A word-for-word copy of every entry below is required; the images do not belong in it.

Records from a dataset
*** Block opens ***

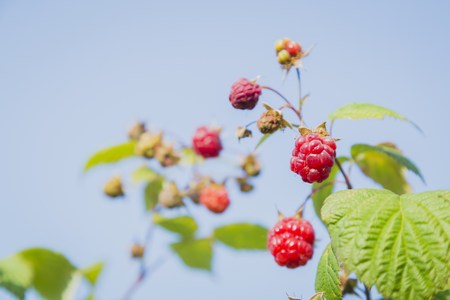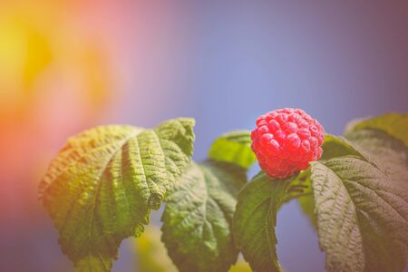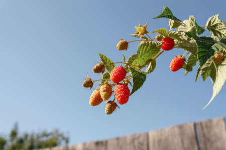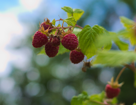 Red ripe raspberries the garden on blue sky, green leaves on a branch.
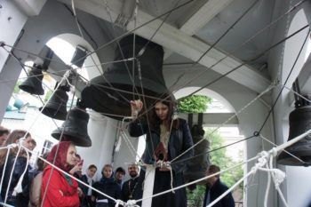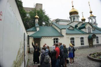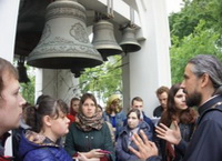 Знакомство продолжили на улице, где на стенде представлена история самого первого храма Приморья. На звоннице разрешили звонить в колокола. Побывали гости в помещении Воскресной школы, в просфорне, а завершилось знакомство с храмом в трапезной за чашкой чая. У студентов возникло много вопросов, на которые ответил отец Олег.
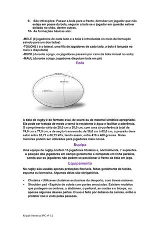 O documento fornece um resumo detalhado sobre as origens, regras e jogabilidade do rugby. Explica que o rugby foi inventado na Inglaterra em 1823 por William Webb Ellis e desde então se espalhou para outros países como Escócia, onde ocorreu o primeiro jogo internacional em 1871. Também descreve os equipamentos, pontuação, formações, penalidades e a arbitragem do esporte.
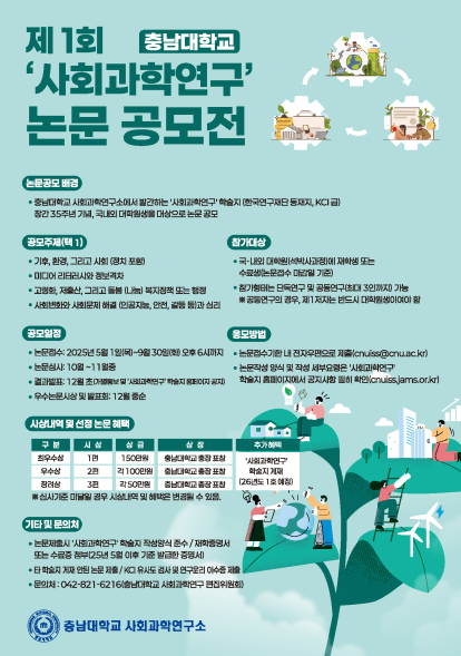 THE GRADUATE SCHOOL OF충남대학교 사회과학연구소 『사회과학연구』 학술지 창간 35주년을 기념하여 논문 공모전을 개최하오니, 전국 대학원생 여러분의 많은 참여 바랍니다.
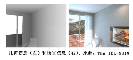 语义驱动:语义驱动在传统的几何为主导的AR中引入语义的概念,其技术核心来源于对场景的语义理解。为什么要语义信息?答案很简单,因为我们人类所理解的世界是充满语义的。如下图所列,我们所处的物理世界不仅是由各种三维结构组成的,更是由诸如透明的窗、砖面的墙、放着新闻的电视等等组成的。对于AR来说,只有几何信息的话,我们可以“把虚拟菜单叠加到平面上”;有了语义理解后,我们就可以“把虚拟菜单叠加到窗户上”,或者邪恶地“根据正在播放的电视节目显示相关广告”。
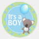 Ce design sucré coordonne avec une invitation baby shower correspondante. Il présente un mignon ours koala tenant un ballon bleu et des pois bleus sur un arrière - plan vert clair. Vous pouvez changer l'arrière - plan vert en couleur de votre choix en cliquant sur le bouton "Customiser" et en choisissant une autre couleur arrière - plan. Obtenez l'invitation de baby shower correspondante ici :
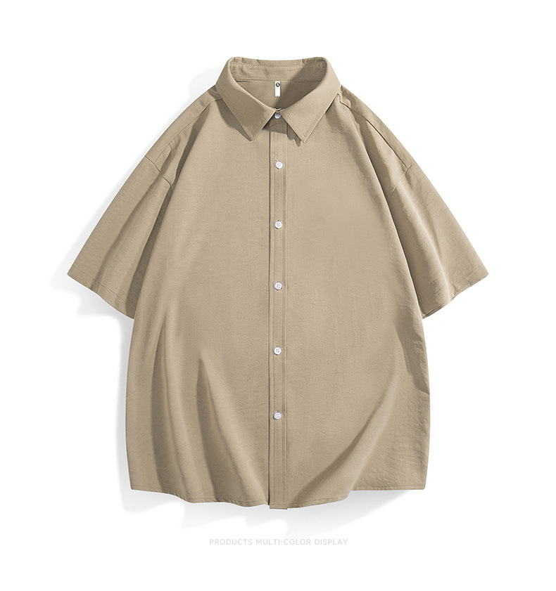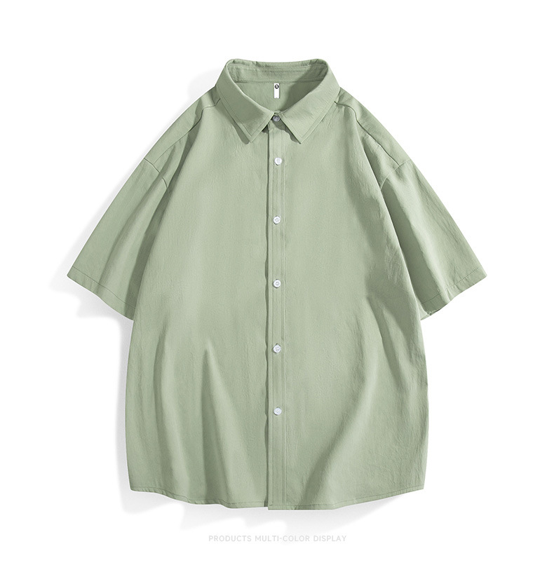 여름 새로운 하이 퀄리티 아이스 실크 셔츠 남자의 반팔 얇은 셔츠 일본 스타일 트렌디 브랜드 더피 핸섬 남성 디자인 고급 감각스토어 가기
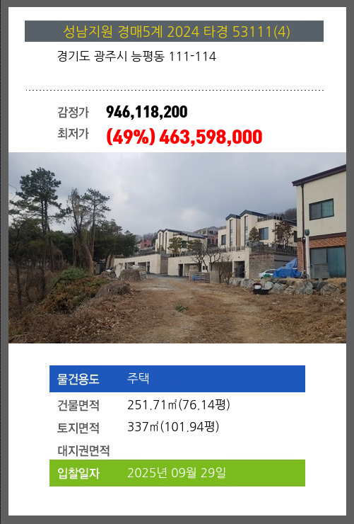 사건번호 2024 타경 53111(4) 본건은 경기도 광주시 능평동 111-114소재하는 주택경매 물건의 포스팅입니다. 건물면적 [ 251.71㎡ (76.14평) ]토지면적 [ 337㎡ (101.94평) ] 시세를 반영한 감정가 946,118,200에서2회
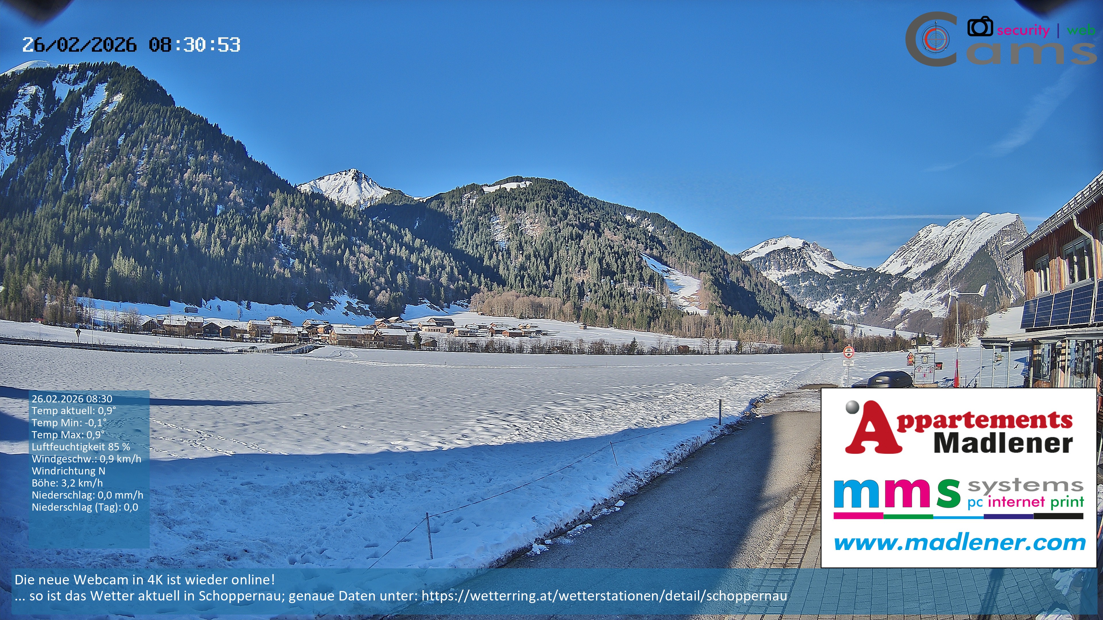 Archiviertes Webcam Bild: Schoppernau Unterdorf am 26 Feb 2026 um 08:09 Uhr 07:00

*** Block closes ***

RESPONSE AREA:
 Red ripe raspberries the garden on blue sky, green leaves on a branch.
 Знакомство продолжили на улице, где на стенде представлена история самого первого храма Приморья. На звоннице разрешили звонить в колокола. Побывали гости в помещении Воскресной школы, в просфорне, а завершилось знакомство с храмом в трапезной за чашкой чая. У студентов возникло много вопросов, на которые ответил отец Олег.
 O documento fornece um resumo detalhado sobre as origens, regras e jogabilidade do rugby. Explica que o rugby foi inventado na Inglaterra em 1823 por William Webb Ellis e desde então se espalhou para outros países como Escócia, onde ocorreu o primeiro jogo internacional em 1871. Também descreve os equipamentos, pontuação, formações, penalidades e a arbitragem do esporte.
 THE GRADUATE SCHOOL OF충남대학교 사회과학연구소 『사회과학연구』 학술지 창간 35주년을 기념하여 논문 공모전을 개최하오니, 전국 대학원생 여러분의 많은 참여 바랍니다.
 语义驱动:语义驱动在传统的几何为主导的AR中引入语义的概念,其技术核心来源于对场景的语义理解。为什么要语义信息?答案很简单,因为我们人类所理解的世界是充满语义的。如下图所列,我们所处的物理世界不仅是由各种三维结构组成的,更是由诸如透明的窗、砖面的墙、放着新闻的电视等等组成的。对于AR来说,只有几何信息的话,我们可以“把虚拟菜单叠加到平面上”;有了语义理解后,我们就可以“把虚拟菜单叠加到窗户上”,或者邪恶地“根据正在播放的电视节目显示相关广告”。
 Ce design sucré coordonne avec une invitation baby shower correspondante. Il présente un mignon ours koala tenant un ballon bleu et des pois bleus sur un arrière - plan vert clair. Vous pouvez changer l'arrière - plan vert en couleur de votre choix en cliquant sur le bouton "Customiser" et en choisissant une autre couleur arrière - plan. Obtenez l'invitation de baby shower correspondante ici :
 여름 새로운 하이 퀄리티 아이스 실크 셔츠 남자의 반팔 얇은 셔츠 일본 스타일 트렌디 브랜드 더피 핸섬 남성 디자인 고급 감각스토어 가기
 사건번호 2024 타경 53111(4) 본건은 경기도 광주시 능평동 111-114소재하는 주택경매 물건의 포스팅입니다. 건물면적 [ 251.71㎡ (76.14평) ]토지면적 [ 337㎡ (101.94평) ] 시세를 반영한 감정가 946,118,200에서2회
 Archiviertes Webcam Bild: Schoppernau Unterdorf am 26 Feb 2026 um 08:09 Uhr 07:00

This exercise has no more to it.